Nancy Pelosi Calls On Republicans To Support Removing Confederate Statues From The Capitol

The states choose which statues to display in the Capitol building. Statues of Robert E. Lee, Jefferson Davis, and Alexander Hamilton Stephens are all currently on display.

A handful of Democratic members of Congress, including House Minority Leader Nancy Pelosi, are calling for the removal of Confederate statues from the US Capitol building following the deadly white supremacist rally in Charlottesville, Virginia.

“The Confederate statues in the halls of Congress have always been reprehensible,"
Pelosi said in a statement Thursday. "If Republicans are serious about rejecting white supremacy, I call upon Speaker Ryan to join Democrats to remove the Confederate statues from the Capitol immediately."

Pelosi asked House Speaker Paul Ryan to join Democrats in supporting legislation to remove the statues.

Ryan's office deferred to the states, which are each allowed to place two statues of their choosing in the Capitol. “These are decisions for those states to make,” said Doug Andres, a spokesperson for Ryan.

At least one Republican reportedly supports relocating the statues. Florida Rep. Tom Rooney told The Hill he doesn't want to erase history; rather, he wants to properly contextualize the statues as representative of slavery, and perhaps move them to "a museum or on a battlefield or something like that."

“When they’re in the Capitol, they’re almost in a place of reverence," he said. "And I don’t think that we should revere what those guys stood for. I think the right side won the war."

Under current law, states, not Congress, make their own decisions about what statues they place in the US Capitol, with approval from the Joint Committee on the Library of Congress, which oversees the Capitol's National Statuary Hall collection. The Architect of the Capitol (AOC) is then "responsible for the placement and care of the statues." A 2000 law allows states to request that a statue be replaced if approved by the state legislature and governor, and if the statue has been on display for a minimum of 10 years. The 10-year requirement can be waived by the committee if there's cause, the AOC said in a statement to BuzzFeed News.

Congress could pass legislation to change those rules, however. New Jersey Sen. Cory Booker announced Wednesday that he also plans to introduce legislation in the Senate to remove the statues. Congress currently sits in recess and will return after Labor Day.

I will be introducing a bill to remove Confederate statues from the US Capitol building. This is just one step. We have much work to do.

@CoryBooker / Twitter / Via Twitter: @CoryBooker


The white supremacist rally in Charlottesville, which ended in the death of 32-year-old anti-racism protester Heather Heyer, began as a protest of the removal of a statue of Confederate Gen. Robert E. Lee from the city's downtown. Statues of Lee and other Confederate figures, such as Mississippi's Jefferson Davis and Georgia's Alexander Hamilton Stephens (the president and vice president of the Confederacy, respectively) remain in the Capitol.

President Donald Trump, who has been widely criticized for his response to Charlottesville, went on a Twitter rant Thursday morning bemoaning the removal of Confederate statues in different parts of the country.

Mississippi Rep. Bennie Thompson, a member of the Congressional Black Caucus, has also said he wants Congress to work "to ensure the permanent removal of all offensive and despicable Confederate imagery."

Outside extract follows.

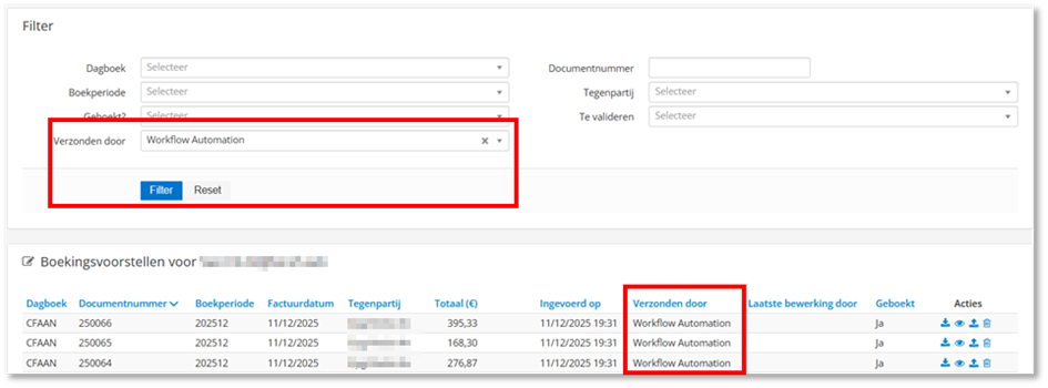 In de kolom “Verzonden door” zie je welke facturen verstuurd zijn naar de werklijst via de workflow automation.
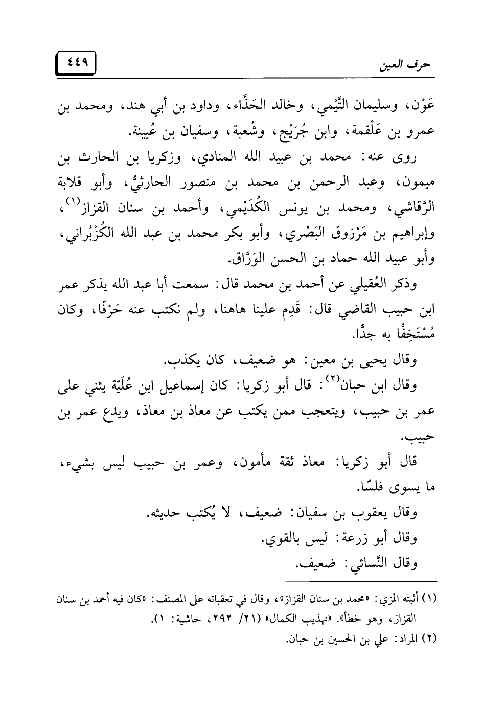 وقال ابن حبان (¬٢): قال أبو زكريا: كان إسماعيل ابن عُلَيّة يثني على عمر بن حبيب، ويتعجب ممن يُكتب عن معاذ بن معاذ، ويدع عمر بن حبيب.

"Confederate memorabilia have no place in this country and especially not in the United States Capitol," Thompson said in a statement this week. "These images symbolize a time of racial discrimination and segregation that continues to haunt this country and many African-Americans who still to this day face racism and bigotry.”

When asked whether the Congressional Black Caucus as a group supports removing the statues, a spokesperson for chairman Cedric Richmond pointed to his comments to ABC News this week, in which he said he wants to reexamine their place in the Capitol. "We will never solve America's race problem if we continue to honor traitors who fought against the United States in order to keep African Americans in chains. By the way, thank god, they lost," Richmond said.

Pelosi, who was House Speaker for four years, argued that Democrats "relocated Robert E. Lee out of a place of honor in National Statuary Hall" during her tenure and replaced it with a statue of Rosa Parks.

In 2015, the House removed a display of state flags in response to controversy over Confederate imagery on some of them.

Lissandra Villa contributed reporting.